Ottaviano Giorgio, Marinoni Maddalena, Graziani Simona, Sibson Keith, Barzaghi Federica, Bertolini Patrizia, Chini Loredana, Corti Paola, Cancrini Caterina, D'Alba Irene, Gabelli Maria, Gallo Vera, Giancotta Carmela, Giordano Paola, Lassandro Giuseppe, Martire Baldassare, Angarano Rosa, Mastrodicasa Elena, Bava Cecilia, Miano Maurizio, Naviglio Samuele, Verzegnassi Federico, Saracco Paola, Trizzino Antonino, Biondi Andrea, Pignata Claudio, Moschese Viviana

机构信息

Paediatric Haematology, Milano-Bicocca University, Monza, Italy.

Paediatric Department, ASST-Sette Laghi, "F. Del Ponte" Hospital, Varese, Italy.

出版信息

J Allergy Clin Immunol Pract. 2020 Jan;8(1):273-282. doi: 10.1016/j.jaip.2019.07.032. Epub 2019 Aug 2.
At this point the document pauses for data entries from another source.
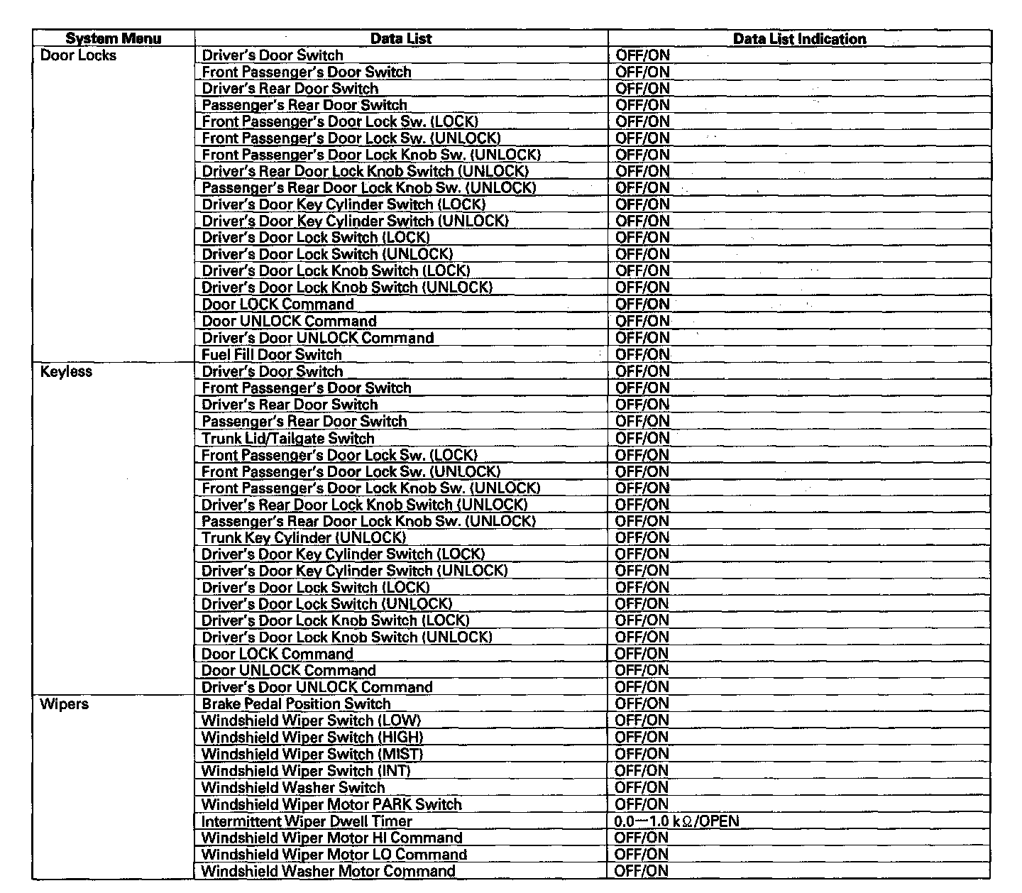 By connecting the HDS to the data link connector (DLC), the HDS can retrieve the diagnostic results from the MICU via a diagnostic line called K-LINE. The K-LINE is distinguished from the CAN line, and connected to the CAN related ECUs. The MICU is a gateway between the HDS and B-CAN related ECUs, and sends B-CAN diagnostic results to the HDS. When performing a function test with the HDS, the HDS sends an output signal through the K-LINE to the MICU. The MICU either relays the request to another ECU, or commands the function its self.
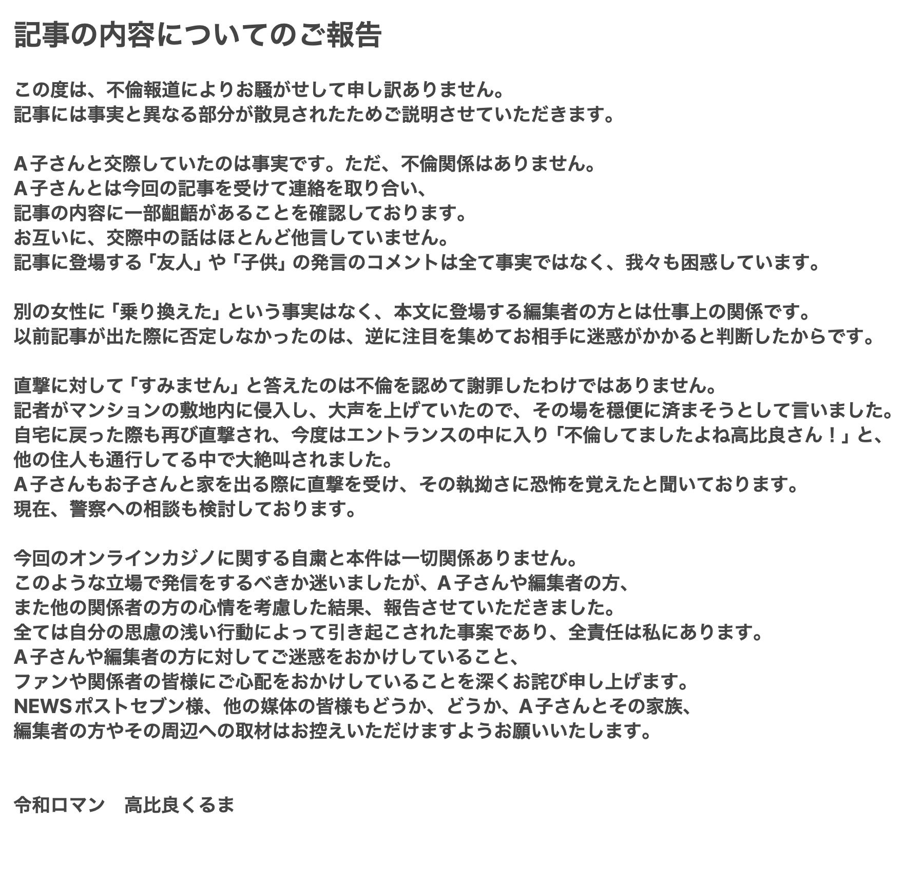 令和ロマンくるま、不倫記事について説明 Twitter Facebook はてブ LINE コピー 2025.02.21 スポンサーリンク ◇ 1: 名無し 2025/02/21(金) 21:45:15.36 ID:swb/HfmS0 不倫してないってよ ◇ 3: 名無し 2025/02/21(金) 21:47:50.16 ID:WV32Aj+k0 ふーん ◇ 15: 名無し 2025/02/21(金) 21:52:55.50 ID:XEHATTfv0 離婚する前は友達で、離婚したあとに交際ってことだろうな 大学生とかによくある 続きを読む
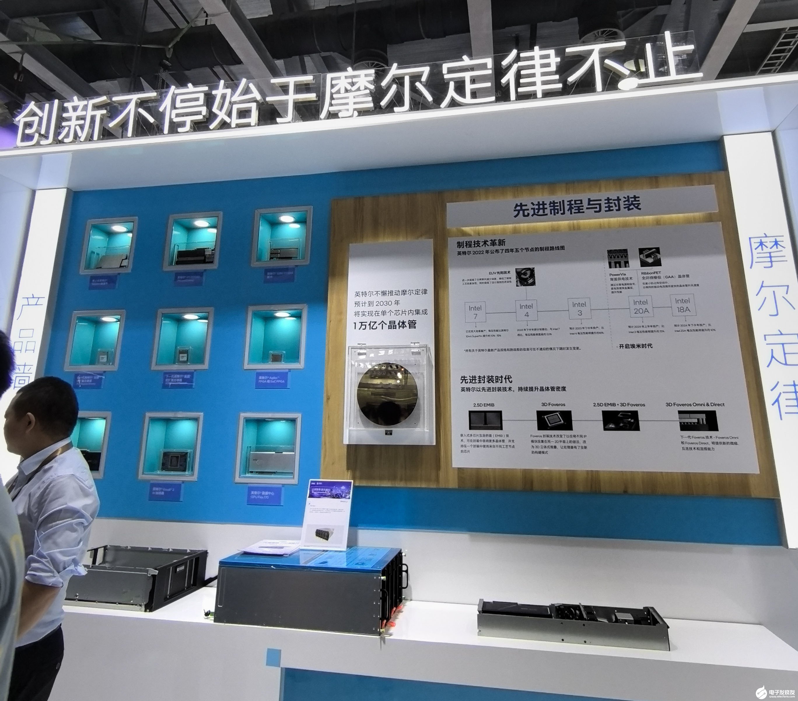 在英特尔展台,产品墙区域展示了英特尔的最新产品,其中包括第二代英特尔®NetSec加速卡、英特尔®25GbE网卡、英特尔®100GbE网卡、下一代英特尔®至强®可扩展平台、英特尔® Agilex™ FPGA 和 SoC FPGA等。

DOI:10.1016/j.jaip.2019.07.032
PMID:31377437
Abstract

BACKGROUND

Rituximab (RTX; anti-CD20 mAb) is a treatment option in children with refractory immune thrombocytopenia, autoimmune hemolytic anemia (AHA), and Evans syndrome (ES). Prevalence and clinical course of RTX-induced hypogammaglobulinemia in these patients are poorly known.

OBJECTIVE

To evaluate the prevalence and risk factors for persistent hypogammaglobulinemia (PH) after RTX use.

METHODS

Clinical and immunologic data from children treated with RTX for immune thrombocytopenia, AHA, and ES were collected from 16 Italian centers and 1 UK center at pre-RTX time point (0), +6 months, and yearly, up to 4 years post-RTX. Patients with previously diagnosed malignancy or primary immune deficiency (PID) were excluded.

RESULTS

We analyzed 53 children treated with RTX for immune thrombocytopenia (n = 36), AHA (n = 13), and ES (n = 4). Median follow-up was 30 months (range, 12-48). Thirty-two percent of patients (17 of 53) experienced PH, defined as IgG levels less than 2 SD for age at last follow-up (>12 months after RTX). Significantly delayed B-cell recovery was observed in children experiencing PH (hazard ratio, 0.55; P < .05), and 6 of 17 (35%) patients had unresolved B-cell lymphopenia at last follow-up. PH was associated with IgA and IgM deficiency, younger age at RTX use (51 vs 116 months; P < .01), a diagnosis of AHA/ES, and better response to RTX. Nine patients with PH (9 of 17 [53%]) were eventually diagnosed with a PID.

CONCLUSIONS

Post-RTX PH is a frequent condition in children with autoimmune cytopenia; a sizable proportion of patients with post-RTX PH were eventually diagnosed with a PID. In-depth investigation for PID is therefore recommended in these patients.

摘要

背景

利妥昔单抗(RTX;抗CD20单克隆抗体)是治疗难治性免疫性血小板减少症、自身免疫性溶血性贫血(AHA)和伊文氏综合征(ES)患儿的一种治疗选择。这些患者中RTX诱导的低丙种球蛋白血症的患病率和临床病程鲜为人知。

目的

评估RTX使用后持续性低丙种球蛋白血症(PH)的患病率和危险因素。

方法

从16个意大利中心和1个英国中心收集接受RTX治疗免疫性血小板减少症、AHA和ES患儿的临床和免疫学数据,时间点为RTX治疗前(0)、+6个月以及每年一次,直至RTX治疗后4年。排除先前诊断为恶性肿瘤或原发性免疫缺陷(PID)的患者。

结果

我们分析了53例接受RTX治疗的免疫性血小板减少症患儿(n = 36)、AHA患儿(n = 13)和ES患儿(n = 4)。中位随访时间为30个月(范围12 - 48个月)。32%(53例中的17例)的患者出现PH,定义为末次随访时(RTX治疗后>12个月)IgG水平低于年龄相关的2个标准差。出现PH的患儿观察到B细胞恢复明显延迟(风险比,0.55;P <.05),17例患者中有6例(35%)在末次随访时仍有未解决的B细胞淋巴细胞减少。PH与IgA和IgM缺乏、RTX使用时年龄较小(51个月对116个月;P <.01)、AHA/ES诊断以及对RTX反应较好有关。9例PH患者(17例中的9例[53%])最终被诊断为PID。

结论

RTX治疗后PH在自身免疫性血细胞减少症患儿中很常见;相当一部分RTX治疗后PH患者最终被诊断为PID。因此,建议对这些患者进行PID的深入调查。